@weilinquan
Yes, I believe above PR also enables the use of the attribute.
But I’m not sure if everything is fine for the transpose op.
@makslevental
Thanks for pointing out your PR!
I’ve tried it and can create linalg.transpose with operands and attribute
op1 = tensor.EmptyOp([1, 13], f32)
op2 = tensor.EmptyOp([13, 1], f32)
op3 = linalg.TransposeOp(input=op1, init=op2, result=[RankedTensorType.get((13, 1), f32)], permutation=[1,0])
This gives
%0 = "tensor.empty"() : () -> tensor<1x13xf32>
%1 = "tensor.empty"() : () -> tensor<13x1xf32>
%2 = "linalg.transpose"(%0, %1) <{permutation = array<i64: 1, 0>}> ({
}) : (tensor<1x13xf32>, tensor<13x1xf32>) -> tensor<13x1xf32>
But, there’s an issue when I feed it to the mlir-opt.

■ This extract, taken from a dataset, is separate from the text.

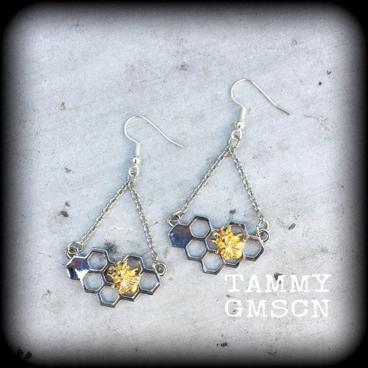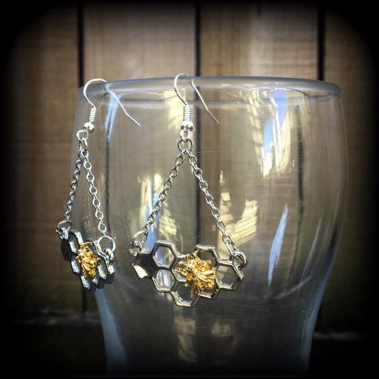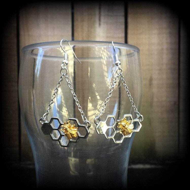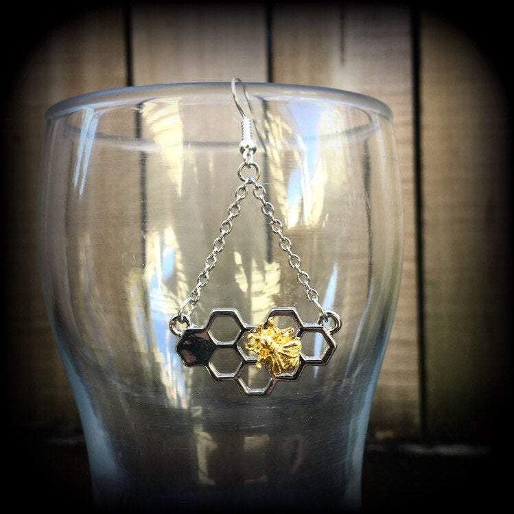 The 'Hive' earrings feature a tiny gold tone bee sitting atop a silver tone bee hive, dangling from chain and french hooks.

<stdin>:4:8: error: 'linalg.transpose' op region #0 ('region') failed to verify constraint: region with 1 blocks
%2 = "linalg.transpose"(%0, %1) <{permutation = array<i64: 1, 0>}> ({
^
It doesn’t seem to be caused by your PR but we’re creating generic mlir operation from python and when the created operation is parsed, it doesn’t satisfy the verifier in this case.